Soln. is $\left(x , y\right) = \left(\frac{7}{3} , \frac{40}{3}\right) .$

#### Explanation:

Submit the value of $y ,$ taken from ${2}^{n d}$ eqn., in the ${1}^{s t}$ eqn. to get,

$x = 4 x + 4 - 11 \Rightarrow x - 4 x = 4 - 11 \Rightarrow - 3 x = - 7 \Rightarrow x = - \frac{7}{-} 3 = \frac{7}{3.}$

Hence, by ${2}^{n d}$ eqn., $y = 4 \left(\frac{7}{3}\right) + 4 = \frac{28}{3} + 4 = \frac{40}{3.}$

Soln. is $\left(x , y\right) = \left(\frac{7}{3} , \frac{40}{3}\right) .$

Jun 29, 2016

$x = \frac{7}{3} = 2 \frac{1}{3} \mathmr{and} y = \frac{40}{3} = 13 \frac{1}{3}$

#### Explanation:

There are several methods you can use, but there is a single $y$ term in each equation, so equating them is probably the easiest method.

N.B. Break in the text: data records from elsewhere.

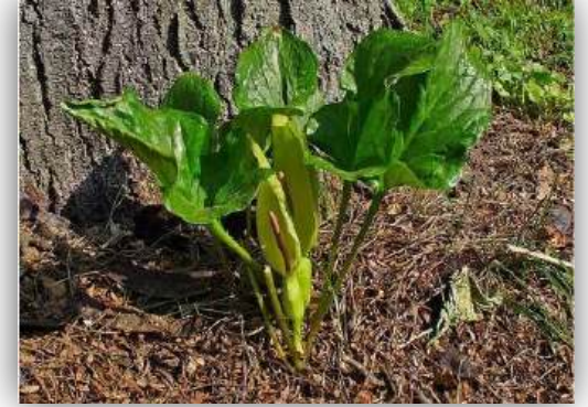
Yılan Yatađı Arum italicum

The Alanya Herbarium Museum houses 115 plant species endemic to Alanya, collected from Alanya Castle. According to scientific sources, 8 of these are endemic species, growing only in the castle area. The three most notable endemic species are Snake's Pillow, Cornflower, and Cakshir (a type of herb). If you wish to visit the museum, please go to the "Sandık Emni Kayhanlar House" in the Hisariçi neighborhood of Alanya Castle. There are no endemic plant species located within the building itself.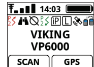
Day - High Contrast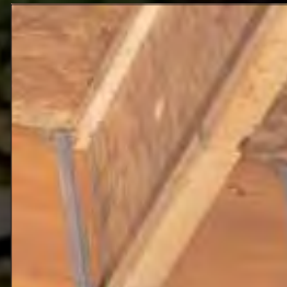
LP® SolidStart® I-Joists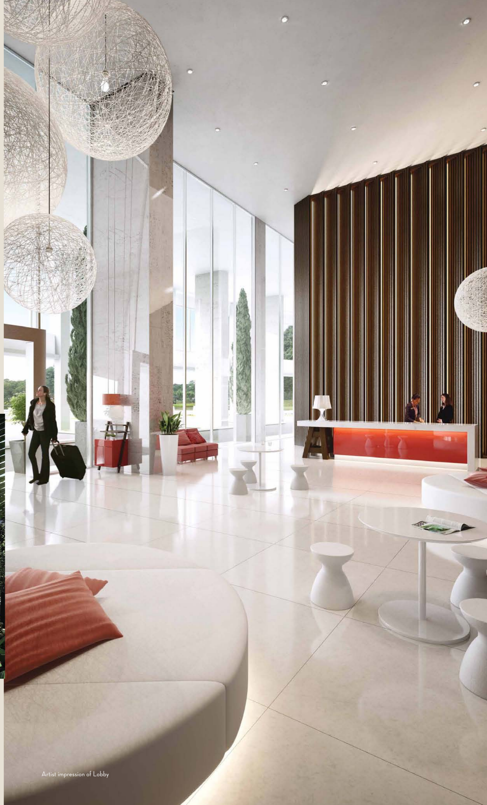
Artist impression of Lobby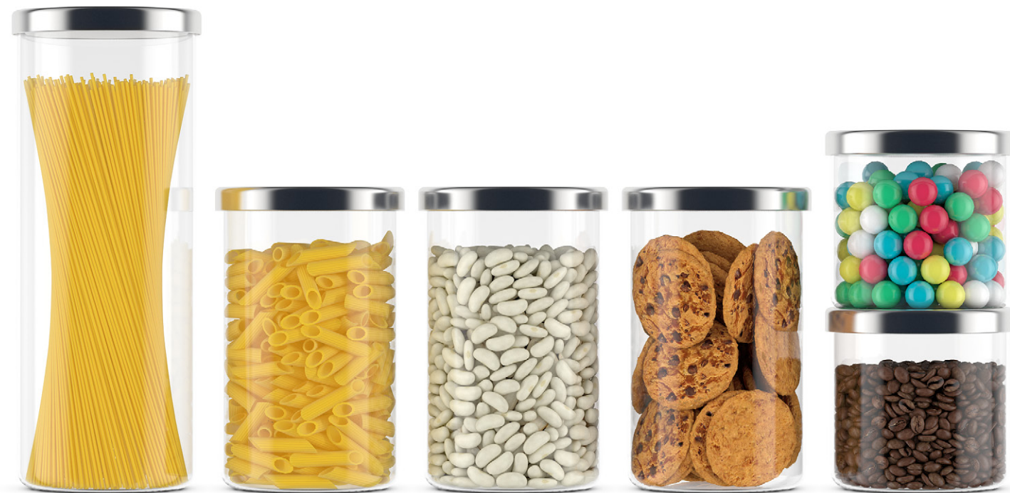
03. Food containers.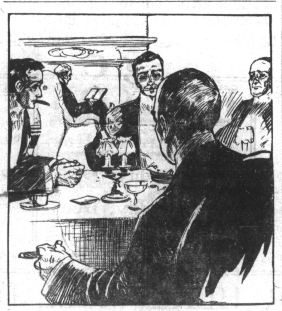
WOULD HAVE HIM BOUND AND GAGGED AND THROWN INTO A SEDAN CHAIR.

"It is not a taste, it is his vice," returned the gentleman with the pearl stud. "It is his one dissipation. He is noted for it. You, as a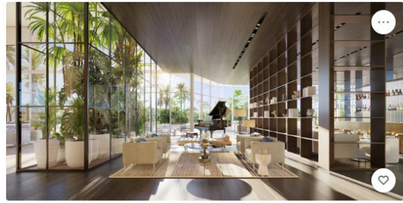
The Marina Tower Bar & Lounge with Piano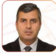
HE Dr. Saleh Al-Kharabsheh Minister of Energy and Mineral Resources Hashemite Kingdom of Jordan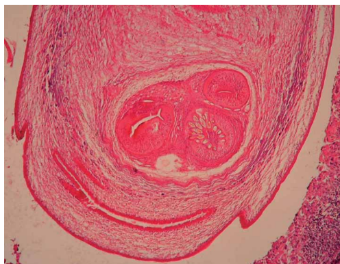
Fig. 4. Neck region of Cysticercus cervi : (H&E, heart, 20 x 10)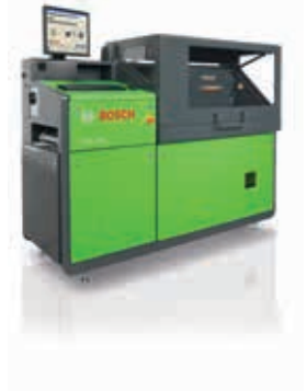
EPS 708: Specialised common rail testbench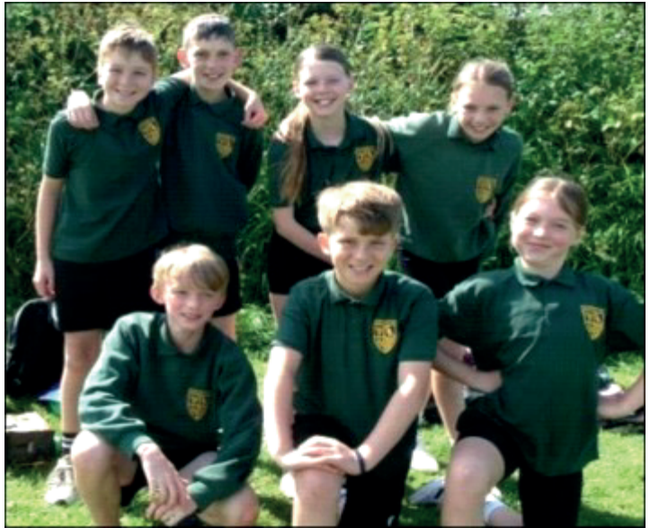
Members of our Quad Kids athletics team who came second at Budehaven in the recent competition

We have already had school trips for Reception, Year One and Year Two, visiting Bridge Mill, near Bridgerule. Whilst there, the children got to do pond dipping, see and feed the farm animals and go for an exciting adventure through the long grass of the meadow. Our eldest children have also been able to take part in cycling proficiency. Next week the children in Year Five and Six will take part in a residential at Beam House near Torrington; for many children this will be their first stay away from home without their families.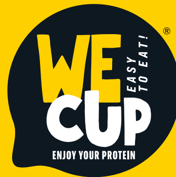
Display Box QET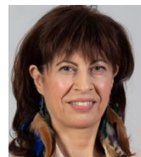
HON. ANA REDONDO GARCIA Minister for Equality (Spain)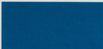
Matisse Blue Clearcoat Metallic XR4Ti A0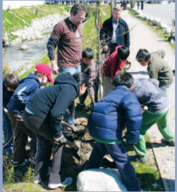
Trees improve habitat and reduce stormwater impacts, Still Creek, Vancouver.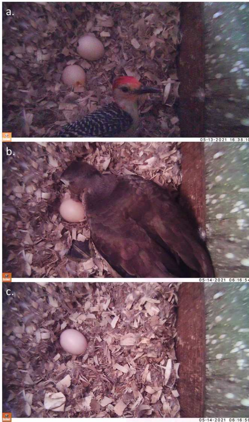
Figure 3. The sequence of events showing the depredation of a wood duck ( Aix sponsa ) egg by a red-bellied woodpecker ( Melanerpes carolinus ) and the removal of the damaged egg during the laying period in Louisiana in 2021. Following egg-laying which occurs at dawn, red-bellied woodpeckers forage on eggs (a) which are then removed by the nest host the next morning (b), reducing the clutch size (c).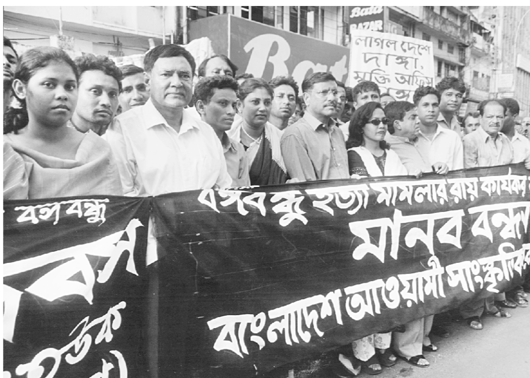
Awami Sangskritik Forum forms human chain at Bangabandhu Avenue yesterday demanding immediate execution of the verdict in Bangabandhu murder case.

They are professional drug peddlers, police said.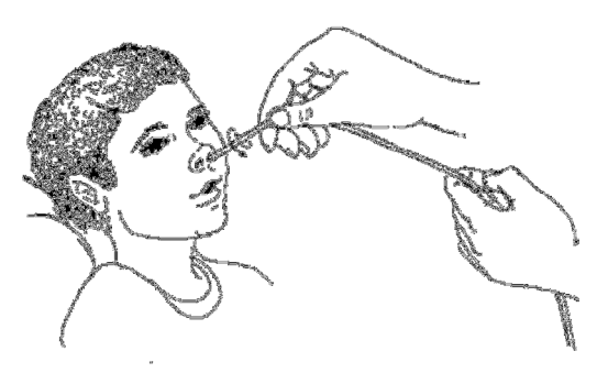
Picture 2 Suction your child's nose carefully while using a twirling motion.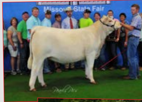
RF Greta 96Z

M6 GRID MAKER 104 PET M633377 WCR SIR TRADITION 066 WCR SIR TRADITION 4402 IDEAL 809 45 OF 25 VCR MISS MAC IV 317 WCR SIR FA MAC 2244 WCR SIR FA MAC 2244 VCR MISS DUCHESS 113 PLD RLL GOIN' PLACES 1329PET F950190 WCR SIR FAB MAC 809 VCR MISSPERFECTION0119PD WCR MISS CENTURY 920 TWN WCR SIR PERFECTION 829 73ACR MS PATSY W/152 CE BW WW YW Milk MCE Mtnl SC EPDs: 11.9 -4.0 19 46 12 7.7 22 0.5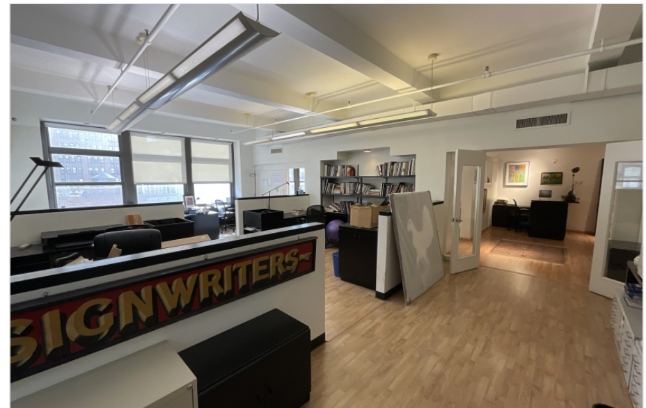
Condo Flow Perspective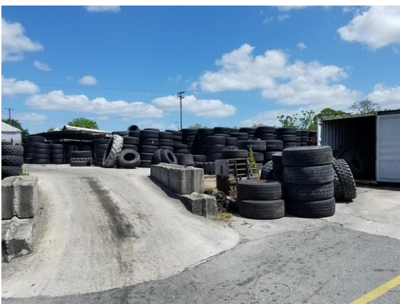
Outdoor storage area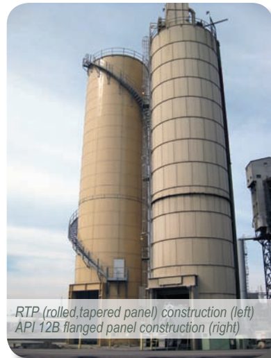
RTP (rolled, tapered panel) construction (left) API 12B flanged panel construction (right)

In bolted construction, the bolted RTP (rolled, tapered panel) design is the top performance product offered in the industry today worldwide. It is the premier product and it is outdating other types of bolted tank construction. API 12B (flanged panel tank) is an older bolted tank design that has incurred too many field leak issues in dry bulk and liquid storage applications and is being replaced by the RTP design. A newly introduced storage product is the vertical FP (flat panel) design, which is being promoted as another replacement for API 12B construction. The vertical FP design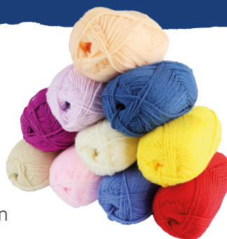
YW019B Acrylic Yarn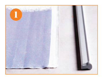
1. Arrange the graphic and the top bar so they are parallel to each other.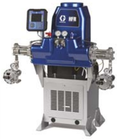
HFR™ Metering System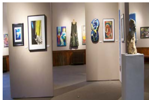
Rotunda Gallery at Carnegie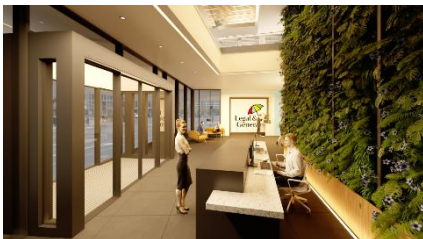
Image 1 caption: The three-storey living green wall in the reception of Legal & General’s new Cardiff office gives the instant ‘wow’ factor as well as contributing to sustainability and air quality.

High quality images are available to download here .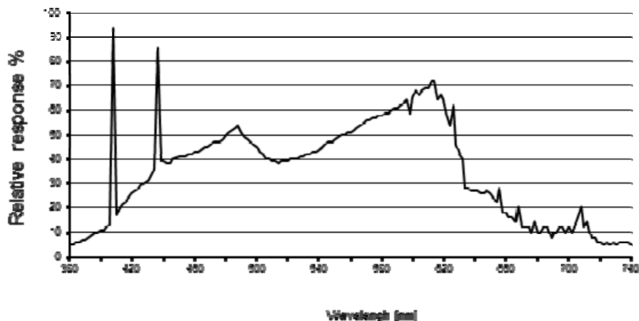
Fig. 2. Spectral distribution in relative energy of the fluorescent lamps (FRS)

In both experiments, the total N content in the leaves of plants growing under LED light was significantly higher than in the case of FRS and besides this content in the leaves at increased irradiation was higher by 0.27% compared to lower irradiation. Both in the first and second experiment, the leaves of plants additionally fed only with the ammonium form of N accumulated most nitrogen, while N accumulation was significantly lower when plants were fertilized with the nitrate form and the nitrate-ammonium form. The leaf nitrogen content in control plants was nearly half lower (tab. 4). Plants under LED light contained not only significantly more total N, but also more nitrates than those growing under FRS lamps. The high irradiation with this light promoted \text{NO}_3 accumulation in the leaves (first experiment). Regardless of the type of light used in the experiments, however, plants additionally supplied with this form of nitrogen contained most nitrates, whereas a significantly lower amount of nitrates was found in plants fed with \text{NH}_4/\text{NO}_3 and the lowest one in those fed with \text{NH}_4 . The nitrate content in the leaves of control plants was on average 3 times lower (tab. 5).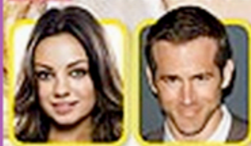
JENNIFER LOPEZ BEVERLY HILLS, CALIF. APRIL 4, 2001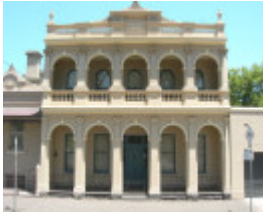
BRASSEY HOUSE SOHE 2008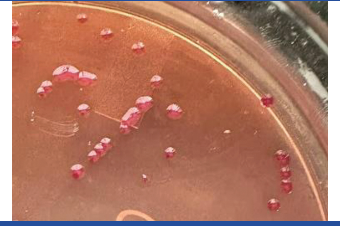
[Table/Fig-2]: Day 2 growth of Burkholderia pseudomallei non lactose fermenting colonies with pinkish hue seen on MacConkey agar plate.

The isolated organism displayed non lactose fermenting moist colonies [Table/Fig-2] on MacConkey agar plates and progressed to dry, wrinkled rough colonies with a cauliflower head appearance by day 7 of incubation at 37°C [Table/Fig-3,4]. It was oxidase positive, capable of hydrolysing bile esculin, reduced nitrate to nitrite, and resistant to Polymyxin B (50 units). Conventional methods indicated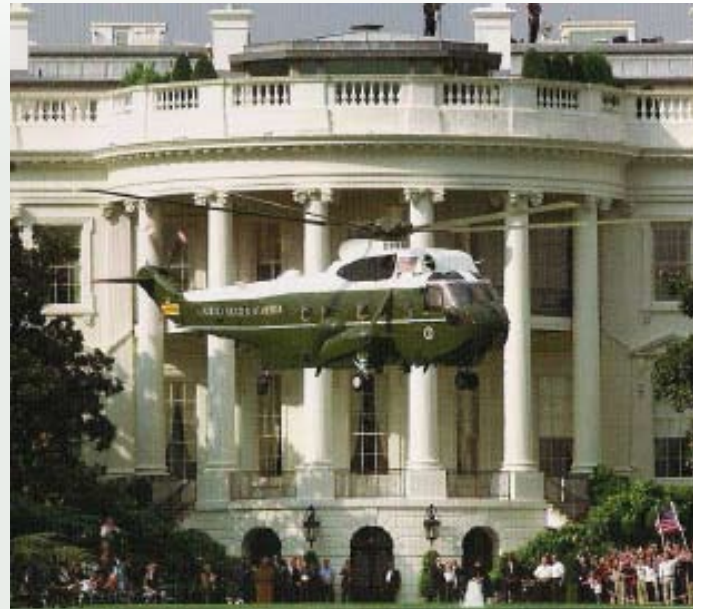
VH-3D hovering in front of White House

President John F. Kennedy was the first to fly in the VH-3A in May, 1962. The VH-3D is currently the primary presidential carrier. The aircraft has transported the president’s family and U.S. and foreign government officials.

Change the first equation to: $y = x + 11$

Now, the y in each equation is the same, so;

if: $\text{ } y = y$
then:$\text{ } 4 x + 4 = x + 11$

$\text{ } 4 x - x = 11 - 4$
$\text{ } 3 x = 7$

$x = \frac{7}{3} = 2 \frac{1}{3}$

To find the value of $y$, substitute $x = \frac{7}{3}$ into either of the equations above ..... or both, to check that they give the same answer.

$y = 4 \times \frac{7}{3} + 4 = \frac{40}{3} \text{ and } y = \frac{7}{3} + 11 = \frac{40}{3}$